In a recent newsletter, the Lake Champlain Chamber legislative advocacy team offered the thousands of businesses that comprise its members little hope Vermont’s crippling worker shortage will improve.

Demographics, lack of housing and childcare are big contributors to the ongoing, chronic problem. “It’s clear that the cavalry is not coming; we just don’t have enough people in the state to meet our workforce demands, we can’t easily recruit them to come here because of housing issues, we can’t pull some people back in due to childcare issues, and we do not have enough young people even coming out of school to meet our needs.”

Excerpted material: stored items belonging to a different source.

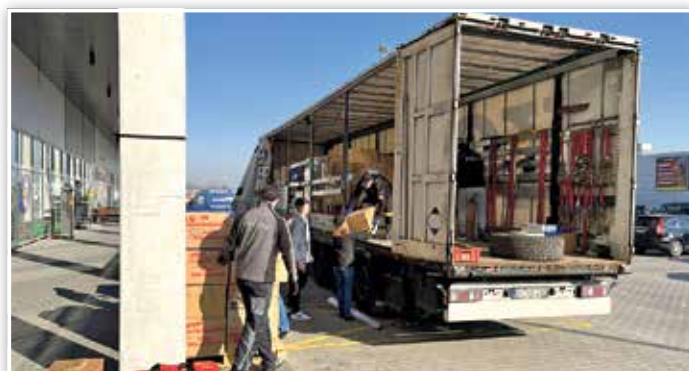
Aus Polen erreichte uns dieses Bild vom Abladen der Spenden aus Luckenwalde.
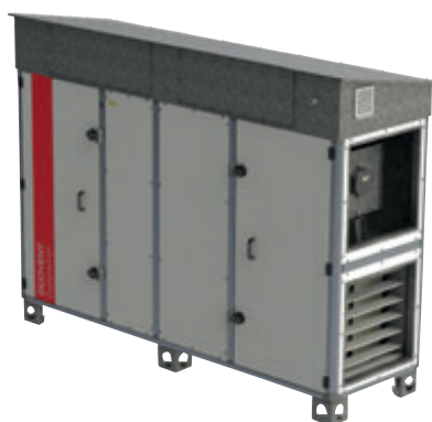
DUOVENT® COMPACT DV 4200 + ROOFPACK-A
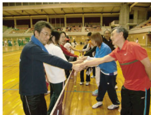
試合が終わってにこやかに握手
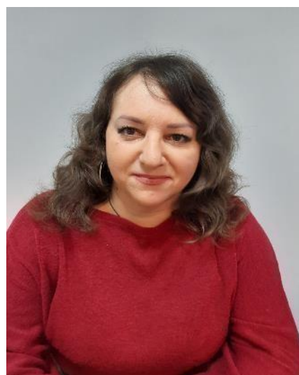
Начальник виробничого відділу №8:
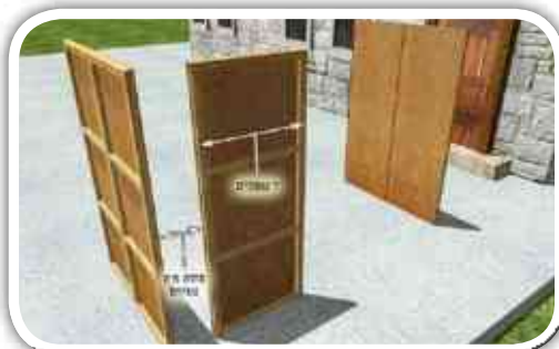
ואם היא רחוקה מהדופן שכנגדה יותר מעשר אמות [שהם 4.8 מטר לדעת הר"ח נאה, ו-5.76 מטר לדעת החזו"א], הסוכה פסולה. 25
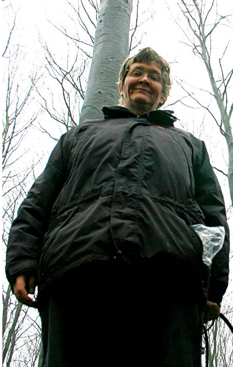
Husk lige, at hunden ser verden fra en anden højde

Evnen til at opfatte kontraster bliver større, når man ikke kan se farver. Hunde oplever kontraster mellem lys og mørke mere intenst end vi gør, fordi deres nattesyn er bedre end vores. Tænk på hvor tydeligt sort-hvide billeder er i forhold til farvebilleder og hvor mange detaljer man ser på sort-hvid billeder. Tilsyneladende kan dyr opfatte skygger, for eksempel på gulve, som niveauforskelle (og tro at de falder ned i et hul) og nogle hunde reagerer derfor voldsomt på lyse blanke gulve. Man ved fra mennesker der har mistet farvesynet totalt, at kontraster bliver me-
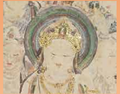
敦煌莫高窟第57窟主室南壁《美人菩薩(通称)》部分(再現)
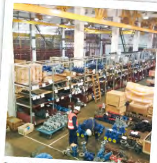
В цехе №49 ведут учёт свыше 8 тысяч номенклатур товарно-материальных ценностей (ТМЦ)
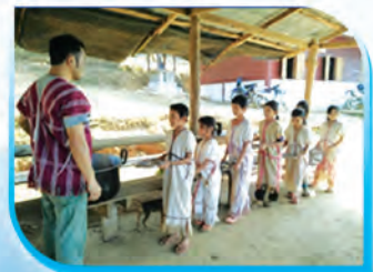
การฝึกระเบียบวินัยในการเข้าแถว
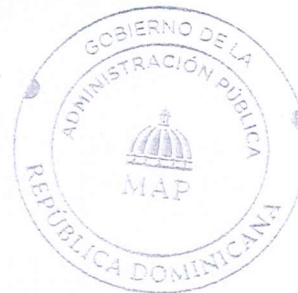
DARÍO CASTILLO LUGO Ministro de Administración Pública

Refrendada por el Ministerio de Administración Pública
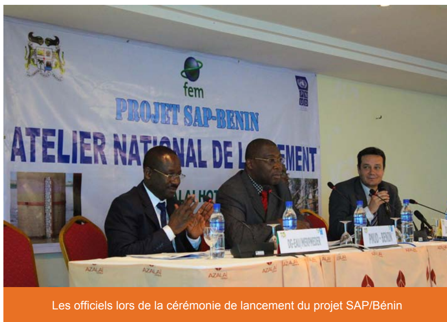
Les officiels lors de la cérémonie de lancement du projet SAP/Bénin

Une composante du projet portera sur l'amélioration de la surveillance météorologique, la veille climatique et environnementale. Une deuxième composante servira à renforcer/développer les systèmes nationaux de prévision afin qu'ils puissent produire des lots d'alerte précoce basés sur les besoins des utilisateurs et diffuser efficacement les alertes et autres informations et données pertinentes pour faciliter les processus de prise de

“Simply put, a conversation about workforce development really needs to be about how to best assist employers with the workers they do have, automate where possible, and deal with other deficits in the Vermont landscape.”

The worker shortage will hamper legislative policy goals, including the one nearest and dearest to the hearts of the Democratic majority: carbon emissions reduction. Simply put: you can set all the weatherization goals you want, but what if you can’t find the workers to fill the contracts?

“The workforce is continually an issue in conversations of how to achieve the energy retrofits and infrastructure improvements necessary to meet the goals, and these very well paying jobs serve as evidence for the pundits pushing the simplistic policy of “just pay more” that wages are not the problem in our state’s worker deficit,” the Chamber said.